The reason for all of this build-up to the email’s delusions of grandeur is because “Dr. Death” showrunner Patrick Macmanus wanted you to be worrying about exactly what it said until Jackson reads it himself while Duntsch is in the courtroom.

“I love dropping something and having audiences be like, ‘Whoa, whoa, whoa, what? Wait, come again? Why don’t I know this?’ So that — in my opinion, and it’s subjective — it becomes that much more impactful when you actually get to it, because the audience has been waiting for it and waiting for it,” Macmanus told TheWrap of the “Occam’s Razor” email, which the real-life Duntsch sent to the real-life Morgan. “And when you finally drop it, hopefully it’s a moment of revelation and relief that the audience feels for finally having it.”

Macmanus said he didn’t want the email to just be words on a screen or something read out by Morgan or prosecutor Michelle Shughart (AnnaSophia Robb) — it had to be recited by Duntsch himself. Of course, that required adding the element of a narrating Duntsch into a scene where the neurosurgeon was dead silent as his former employee and lover testified against him and detailed his disturbing medical behavior in court.

“So that moment where he comes in like a specter over Grace [Gummer’s, who portrays Kim Morgan] shoulder was very purposeful so that we could hear the words coming out of Josh’s mouth as opposed to Grace reading it or AnnaSophia reading it. I wanted him to say it.”

As for the entire idea behind the show’s two timelines — which allow for us to begin the story before we even meet Duntsch and end long after he’s said his final line — that was a very calculated choice.

See below for Macmanus’ full explanation of his timelines device:

“It was a very conscious choice. It was a choice from the beginning that we were going to tell this story in two timelines that sort of track with each other until they run into each other in Episode 7. And the reason for that was, a) mechanical, which is that if we didn’t do it that way, we wouldn’t have met Alec [Baldwin, who portrays Dr. Robert Henderson], Christian [Slater, who plays Dr. Randall Kirby] or AnnaSophia’s characters until Episodes 5 or 6 out of eight, which you just can’t do that.
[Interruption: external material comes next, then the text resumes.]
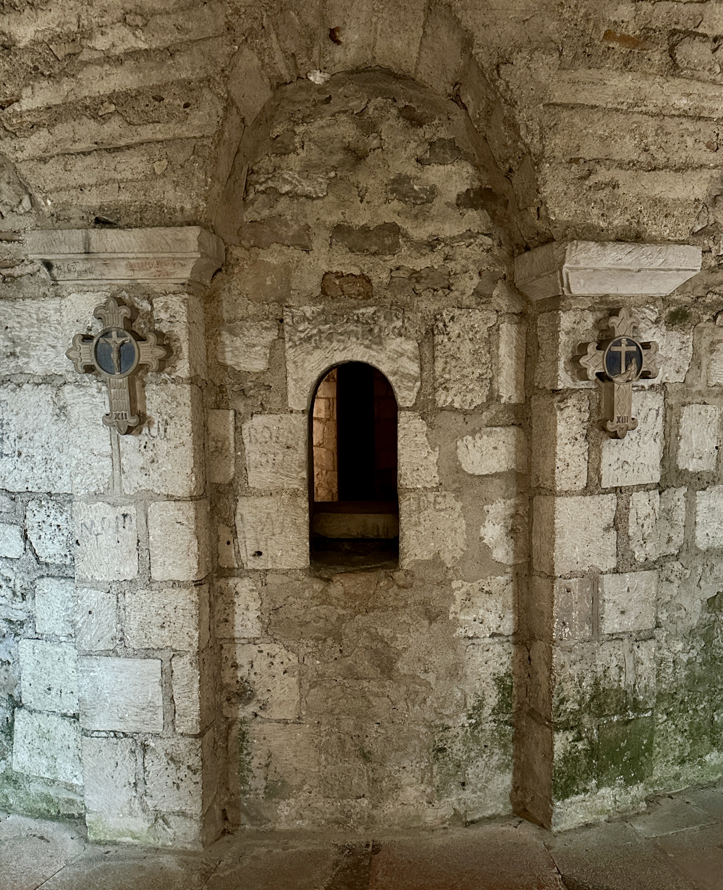 Our tour took us along the town’s charming lanes past several impressive churches, beginning with the 12th century Église de la Madeline (Church of Saint Mary Magdalene), whose door is framed by ornate stone columns.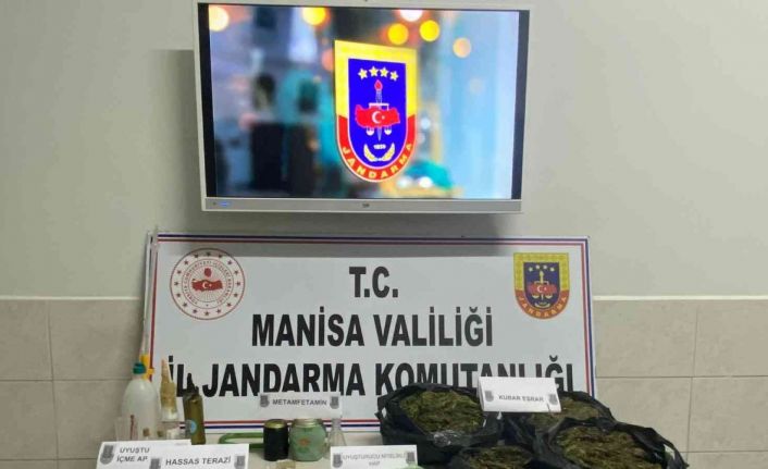 Manisa’nın Akhisar ilçesinde Jandarma ekipleri tarafından alınan duyum üzerine cezaevinde tutuklu bulunan şüpheli R.T.’nin adresinde dün saat 16.00’da yapılan aramada, evin bahçesinde toprağa gömülü silah ve tabanca kümes ve evin farklı yerlerine saklanmış esrar ve uyuşturucu haplar bulundu. Aramada, 3.100 gram kubar esrar, 300 gram metamfetamin, 14 adet bong, 401 adet panama ibareli uyuşturucu hap (extasy), 2 adet hassas terazi, 1 adet 9 mm çapında ruhsatsız tabanca, tabancaya ait şarjör, şarjöre takılı 2 adet mermi, 1 adet ruhsatsız av tüfeği ve 1 adet oluk bıçak bulunarak el konuldu.

But the other part of it was that I just personally am a fan of dual timelines. I’m a fan of something being stated here and then watched here or dramatized here. And you’re like, ‘Oh, I remember when they talked about that over there!’ I find that to be the kind of storytelling where you’re forced to go back and re-watch it again because you pick up on new clues every single time. There are a lot of clues throughout the show that people may miss — and that’s OK.
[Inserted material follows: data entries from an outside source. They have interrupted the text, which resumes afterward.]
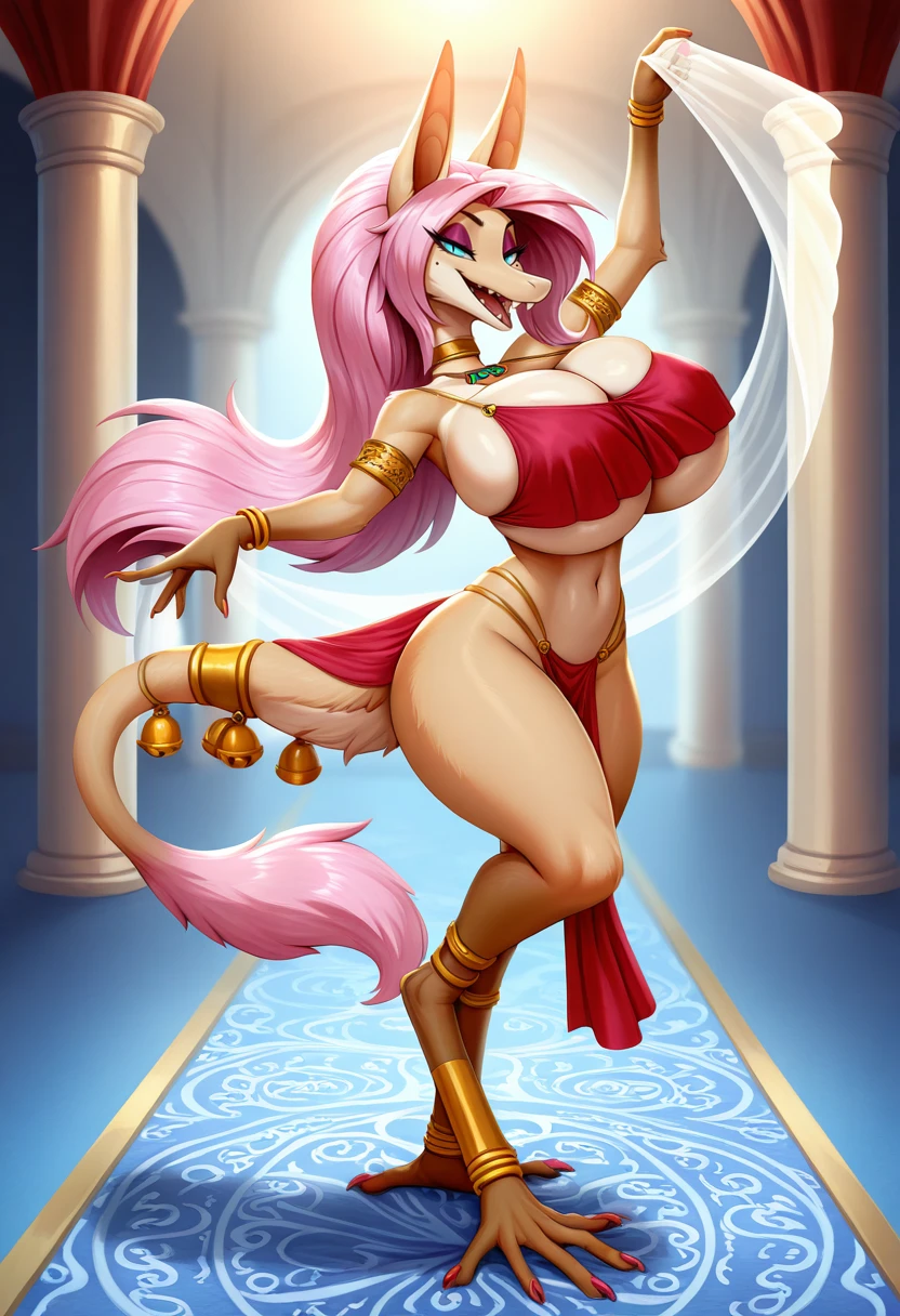 Outfit: makeup, jewelry, bracelet, pelvic curtain, midriff, tail jingle bells, crimson clothes OR pink clothes, covered nipples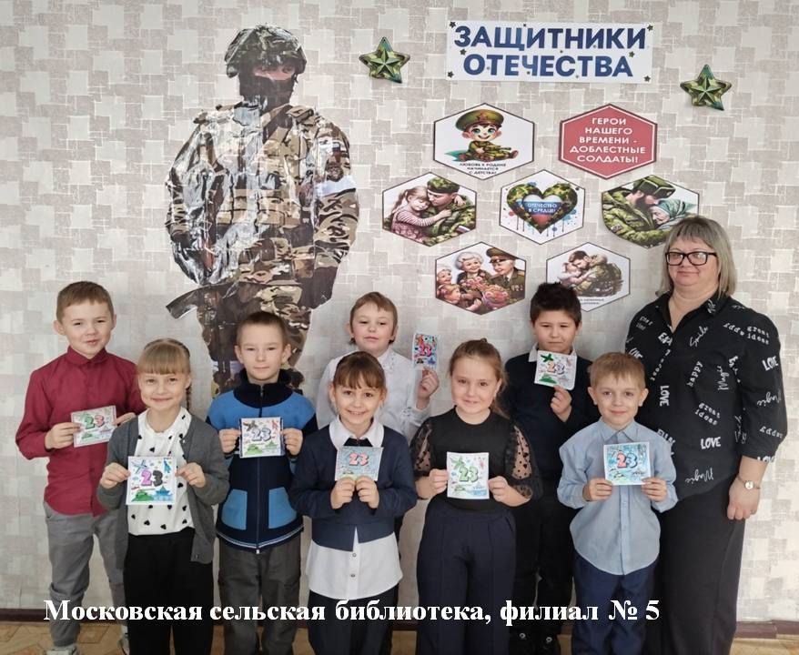 В Сапоговском сельском Доме культуры для учащихся школы заведующая Сапоговской сельской библиотекой (филиал № 13) провела исторический час «Будем Родине служить!» В завершении ребятам от девочек - одноклассниц были подарены открытки, сделанные своими руками. Также к мероприятию была оформлена книжная выставка «Стоит на страже Родины солдат».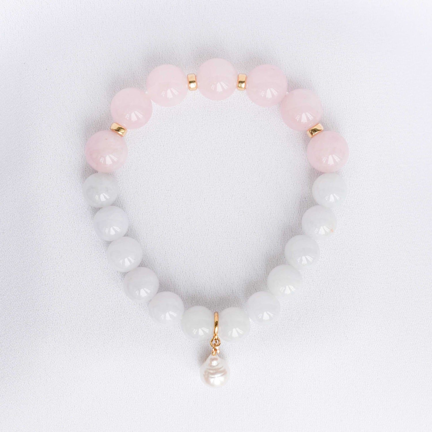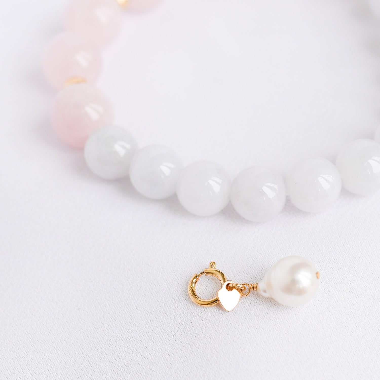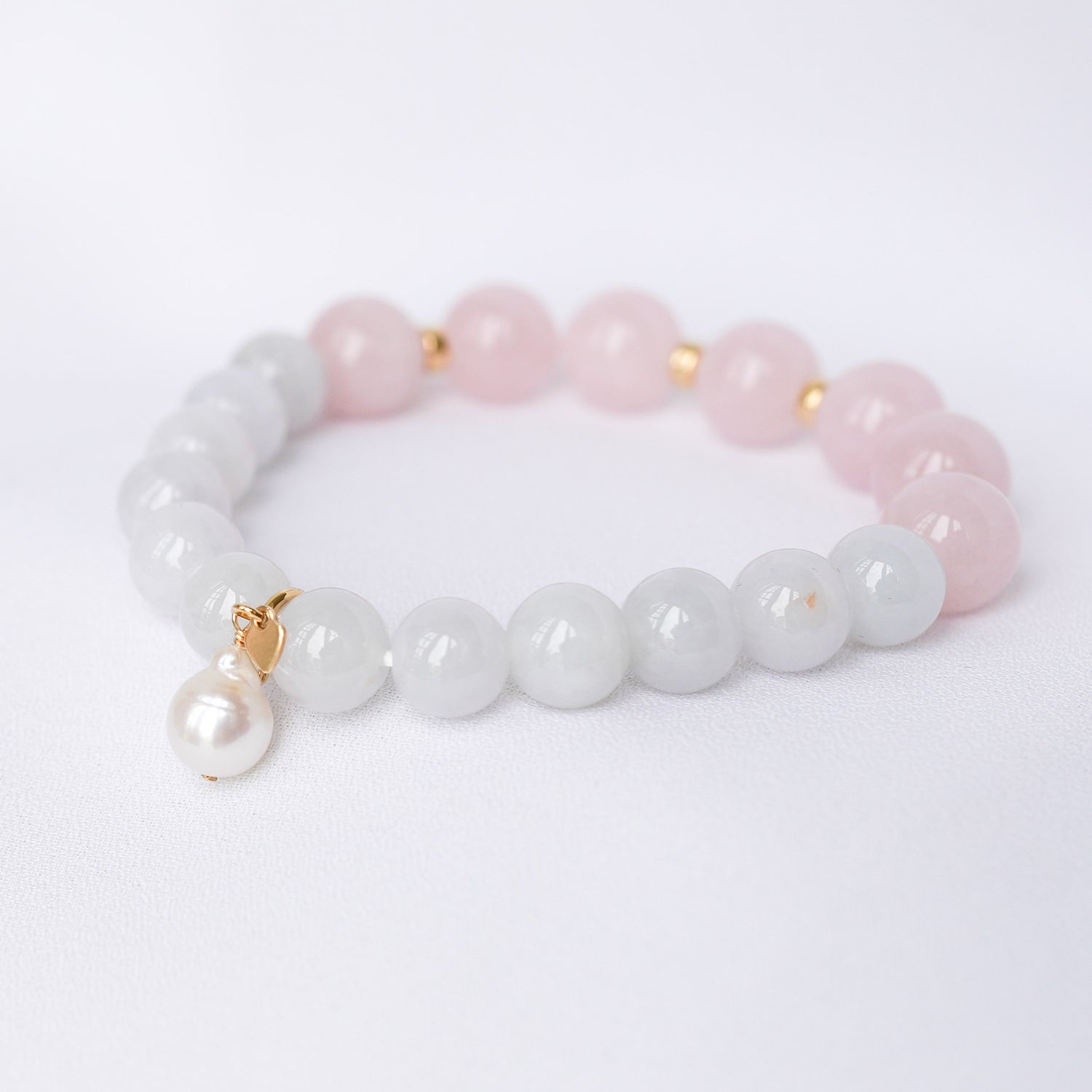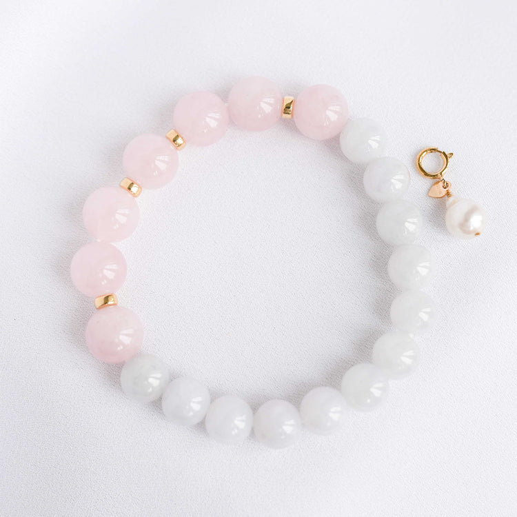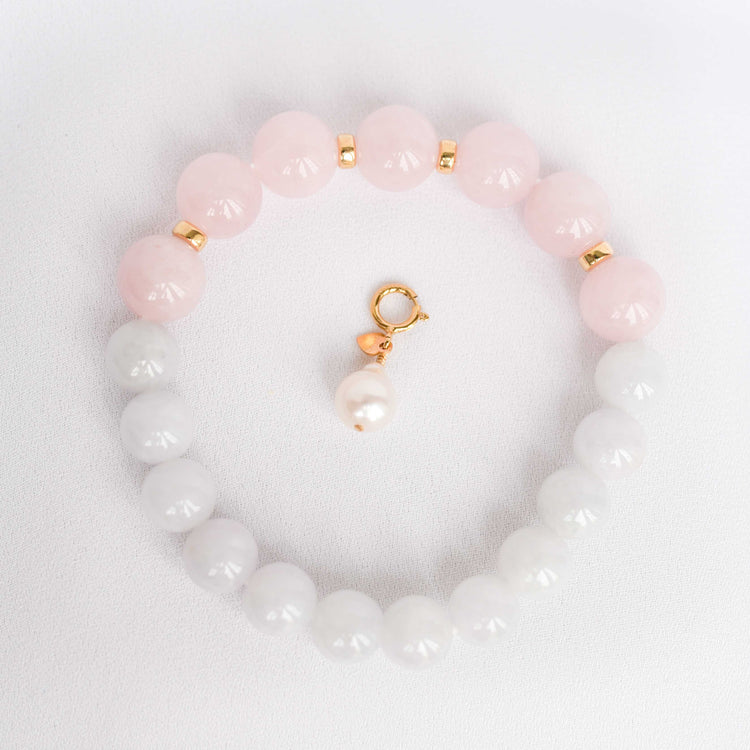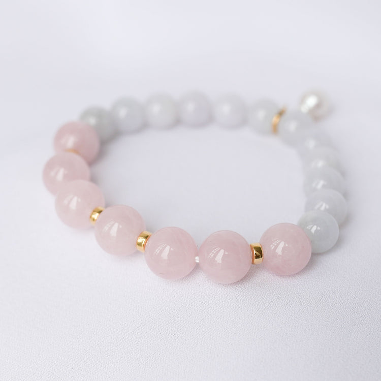 Soft lavender Jade and blush Rose Quartz beads are accented with subtle gold details and the cutest Pearl that's detachable. You can clip the Pearl anywhere on the bracelet and get endless looks out of it!

“As it relates to starting on Henderson and Kirby and then meeting Duntsch, very conscious. That was because I liked this idea that we, the audience, were in the dark as much as our heroes were about who this guy was. They’re saying, ‘How does he have this education? How does he work at these hospitals? It can’t be that he could be this bad.’ Then we met him and we’re like, ‘This guy is charming and so handsome! And I go to be operated on by him!’ — only to watch it devolve along the way. So that was very purposeful. It was actually the very first thing that I came up with in the pilot, quite frankly.

“As it relates to the finale, he didn’t talk in trial, so we couldn’t do that. So we used all of the other scenes that are sprinkled throughout, especially his time with Carrie Preston, with Robbie McClung, his attorney and with his dad to allow him to emote and talk about the experience of going through this trial.

“Everyone who we interviewed who was in the court that day, or over the course of those couple of weeks, said that they saw a turn in Duntsch during the doctors’ testimonies, where it seemed he finally got that he was the one responsible. And that was something that we really drilled down on with Josh, was that moment of revelation for Christopher Duntsch as character, where he finally says, ‘It’s not the hospital’s fault or the patient’s fault, it’s my fault,’ which then fuels that scene with his dad at the end when he says, ‘I just want to go back to my research. I just want to go back to my research,’ which is so heartbreakingly performed by both of those actors.

All eight episodes of “Dr. Death” are streaming now on Peacock.